Donnerstag, 17. September 2020

Wut im Bauch und Wut auf Gott

 

Wut im Bauch und Wut auf Gott, hat C.B. geschrieben. Die Wut kann sich gegen Gott und gegen eine konkrete Person richten, gegen den, der mir auf der Strasse das Vortrittsrecht abschnitt oder gegen die Crew der JU-52, die den Absturz nicht verhinderte und 20 Leben in den Tod riss. Da werden rasch einmal Bezeichnungen aus dem Zoo ausgeteilt, du...! Und es entwickeln sich Rachegedanken. Die Wut wirkt sich in einer Lebenskrise unterschiedlich aus. Einer zerschlägt die teure Vase und eine das alltägliche Geschirr. Es fallen verletzende Worte, und Flüche werden gegen andere geschleudert. Oder die Wut wird nicht nach aussen sichtbar - und macht krank. Das Sprichwort sagt: „Ein unverdienter Fluch tritt nicht ein.“ Das ist als Hilfe gedacht. Und wenn doch etwas hängen bleibt? Ich erinnere mich an einen Mann, der in allen Situationen sagte: „Er weiss es.“ Das genügte ihm. Er wusste auch, dass das Gegenteil von Wut und Fluch - Güte und Segen ist. „Er weiss es.“ Es gibt Leute die schreiben „er“ mit grossen Buchstaben. „ER“ - und sie erinnern sich an die höchste Instanz - an Gott. Er weiss es. Er wird helfen und heilen.
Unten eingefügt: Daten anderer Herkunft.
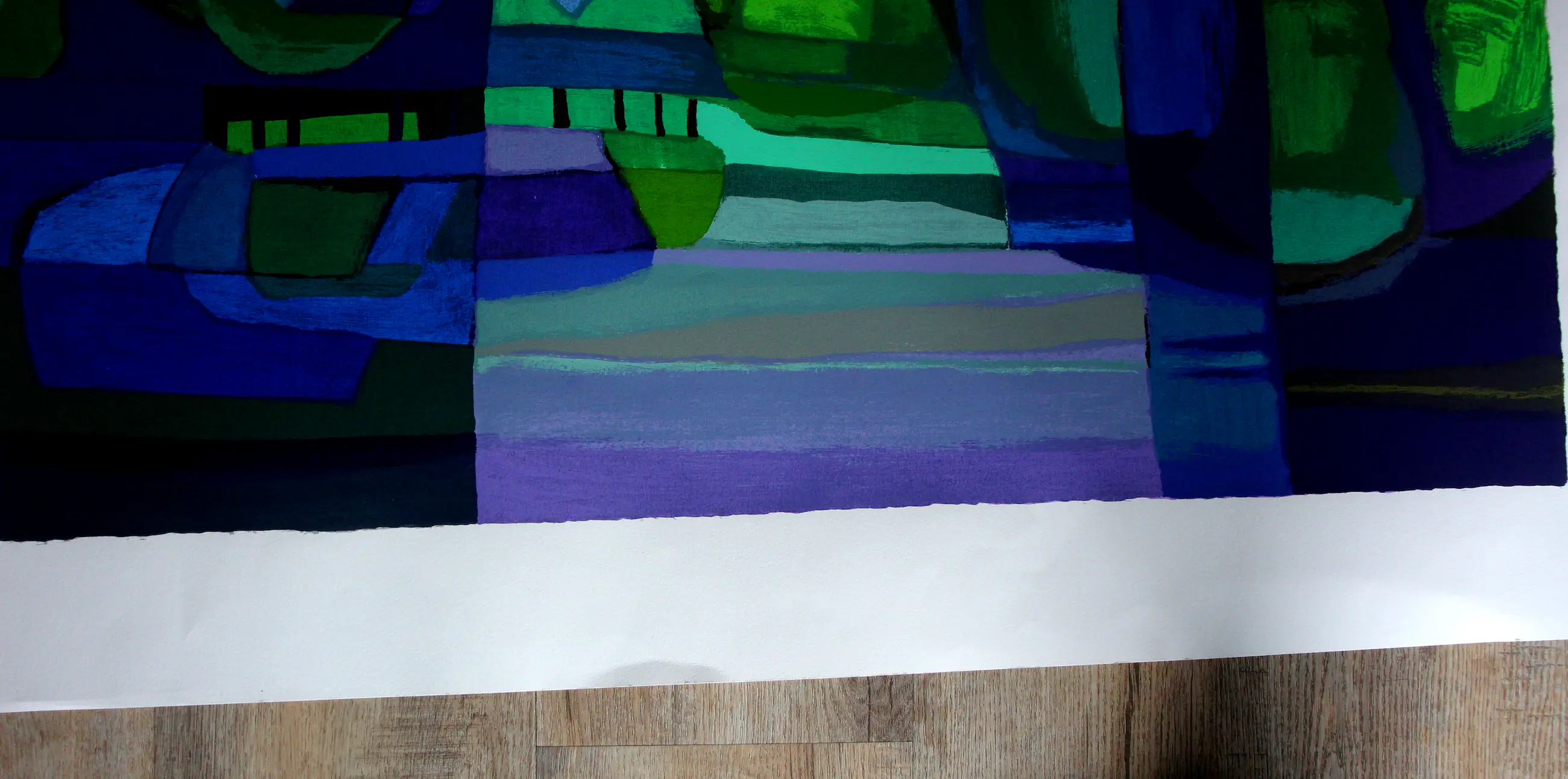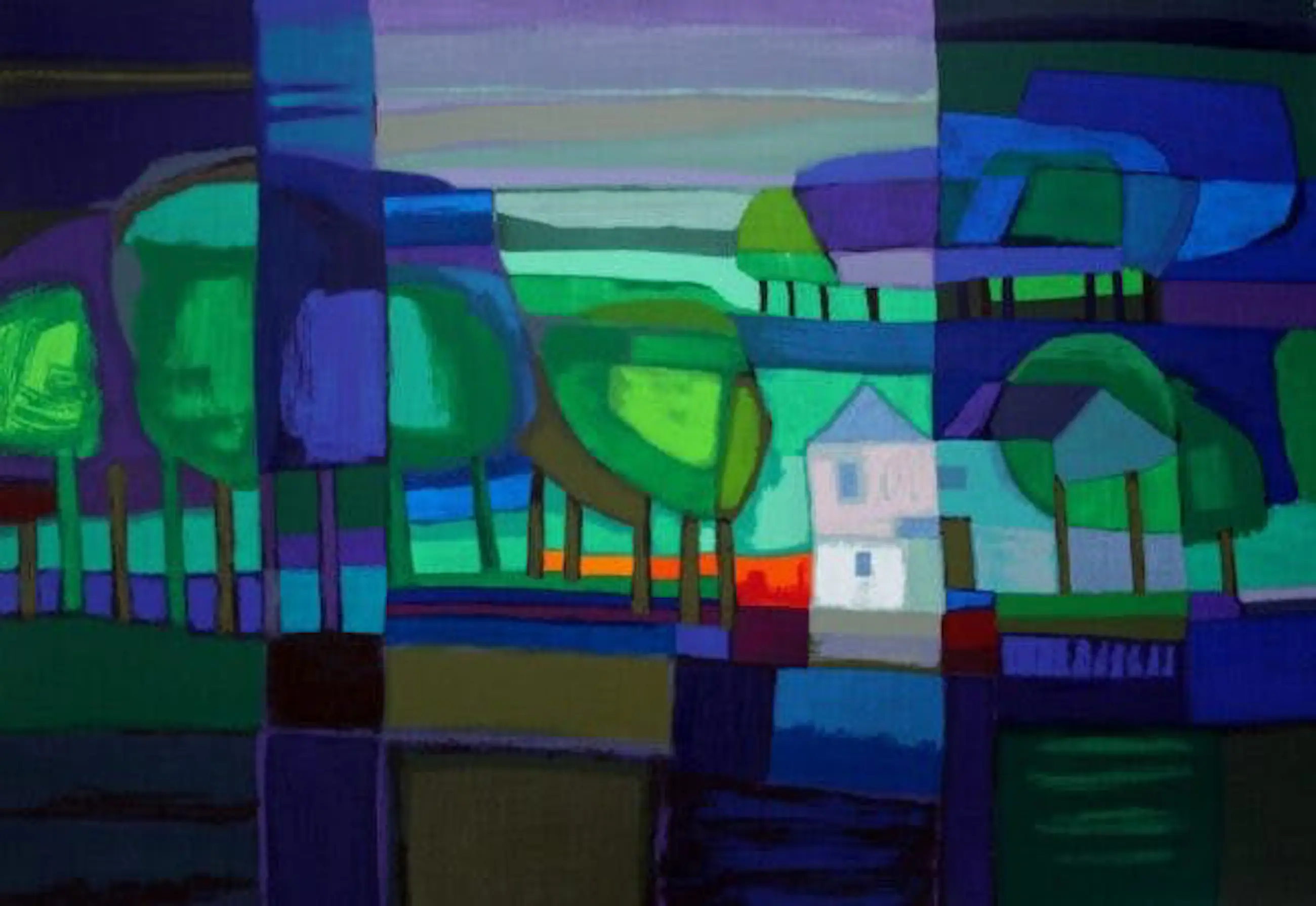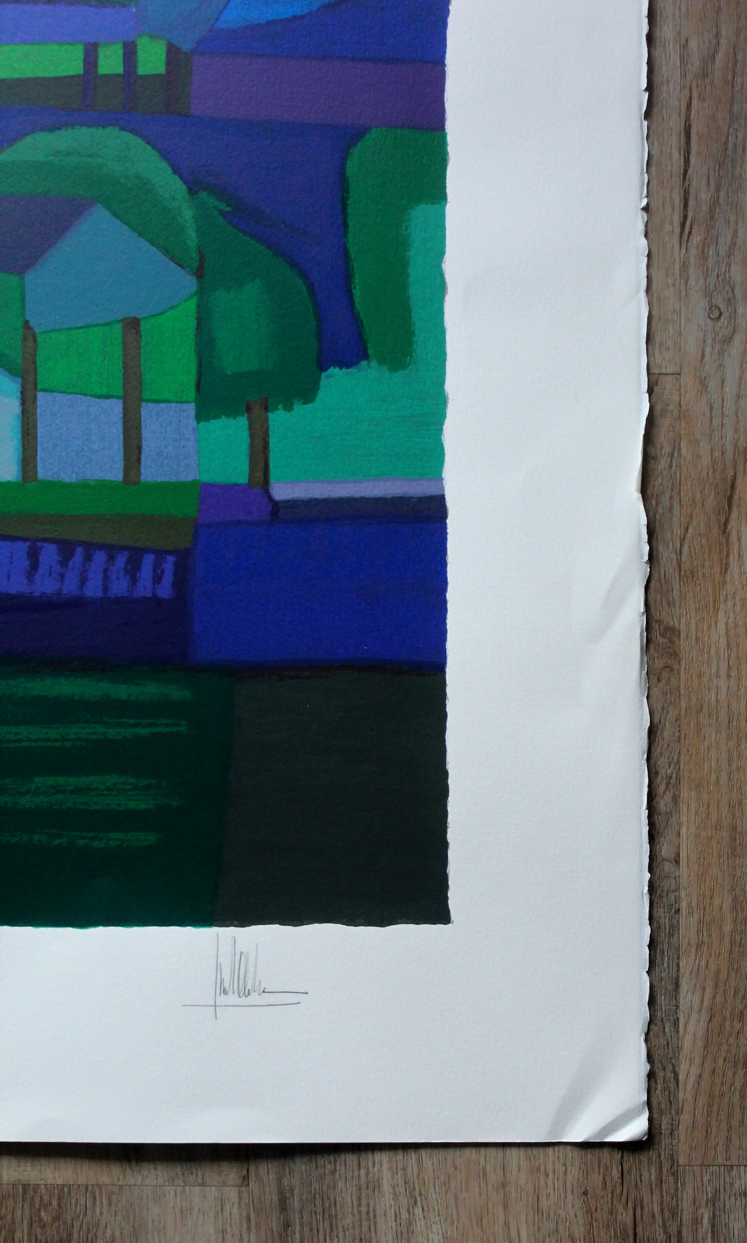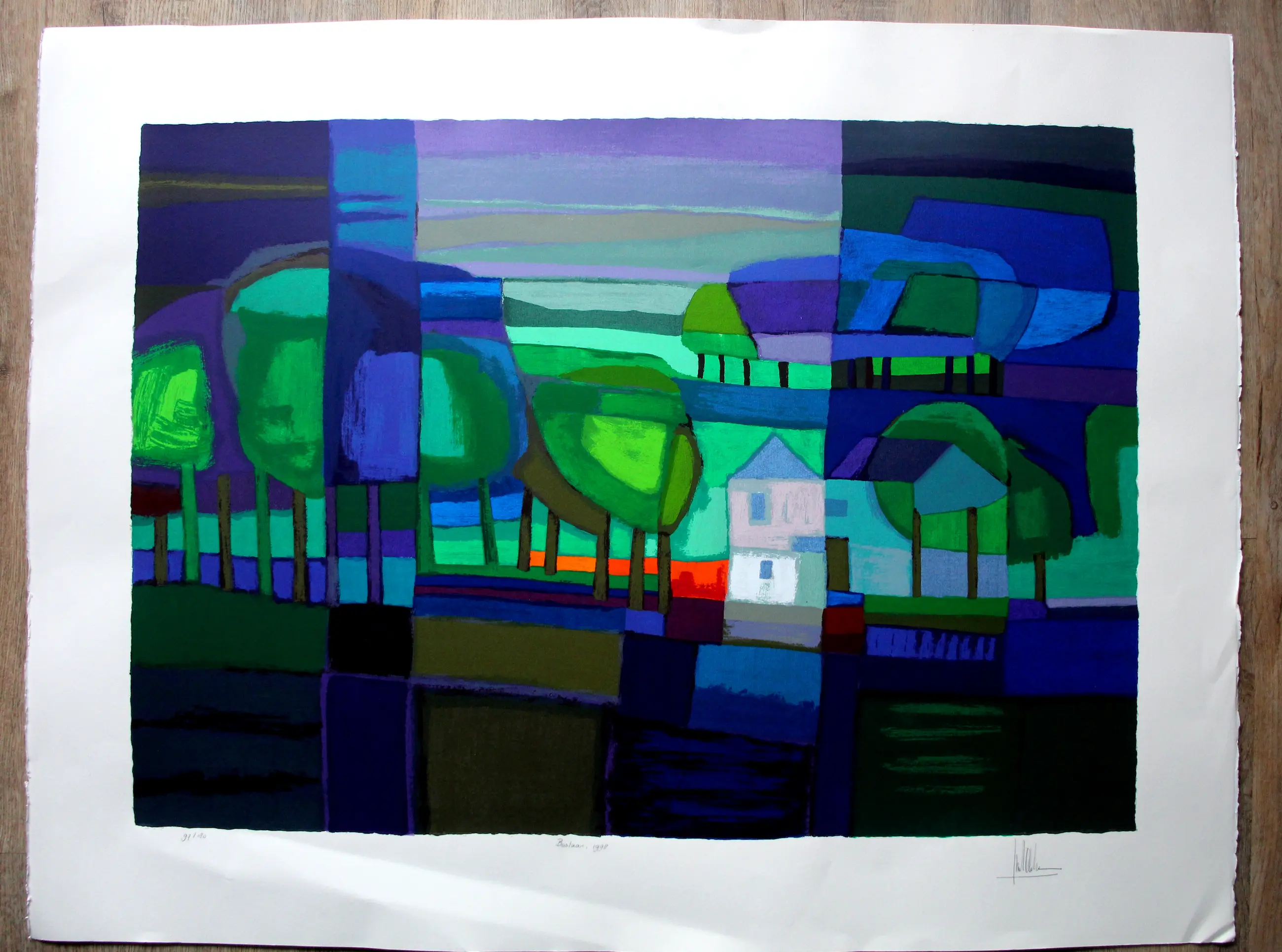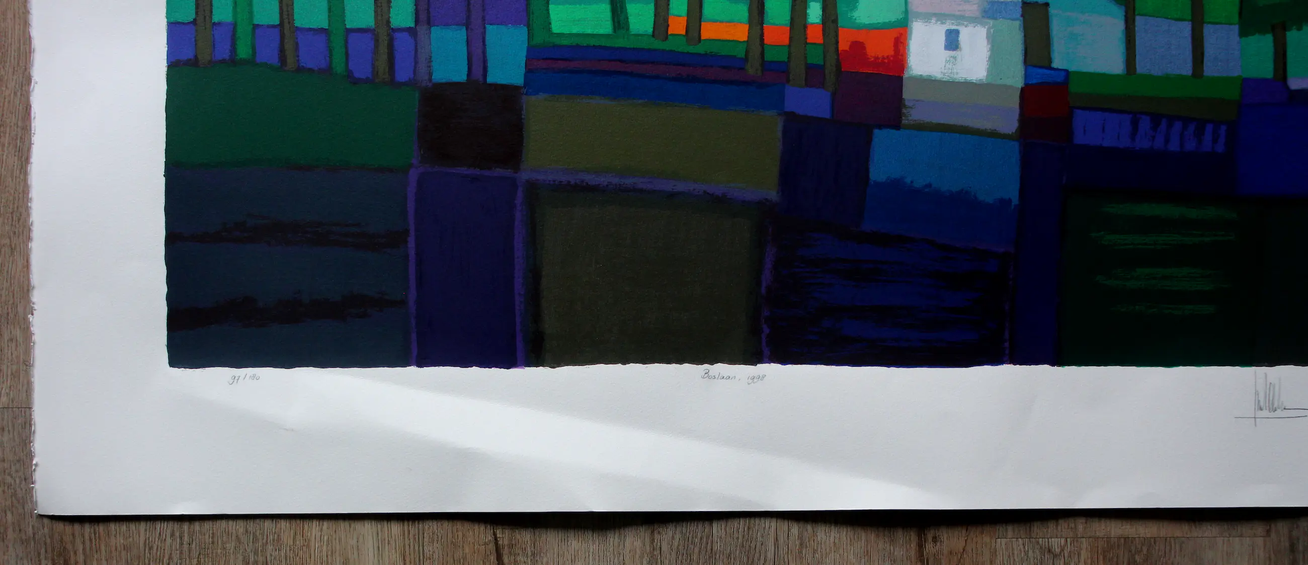 Techniek: zeefdruk Titel: Boslaan Nummer: 97/180 Afmetingen blad : H92 x b120cm. Afmetingen voorstelling: H70 x b99cm. Het werk is rechtsonder gesigneerd.

Samstag, 5. September 2020

Wohin?

 

Wohin? Im Traum fragte mich der junge Mann aus dem Balkan, wohin man nach dem Sterben komme. Ich schaute ihm in seine dunklen Augen und sagte: „Das ist eine Frage des Glaubens.“  Er strich sich über seinen schwarzen 3-Tage-Bart und ging langsam weg. Offensichtlich wollte er keine Diskussion - über seine Herkunft und über Fragen zum Islam und zum christlichen Glauben. In mir klang die Frage nach: „Wohin?“ Und die Antwort: „... eine Frage des Glaubens.“ Ist es das „Paradies?“ Ist es der „Himmel“? Ist es das „Nirwana“? Oder - und da komme ich meiner Überzeugung am Nächsten: Ist es die Frage nach einer persönlichen Beziehung? „Für mich ist das Leben - ein Dienst für - Christus und das Sterben ein Gewinn,“ um bei ihm, bei Jesus Christus, zu sein! - Das sage ich mit Paulus in seinem Brief an die Philipper 1,21 und 23. Es ist eine Frage der Beziehung: Die Liebe zu Jesus Christus, zu Gott, seinem Vater und durch ihn auch zu denen, die zu ihm gehören, aber auch zu allen, die Hilfe brauchen. - Nur ein Traum? Nein, die beglückende Gewissheit.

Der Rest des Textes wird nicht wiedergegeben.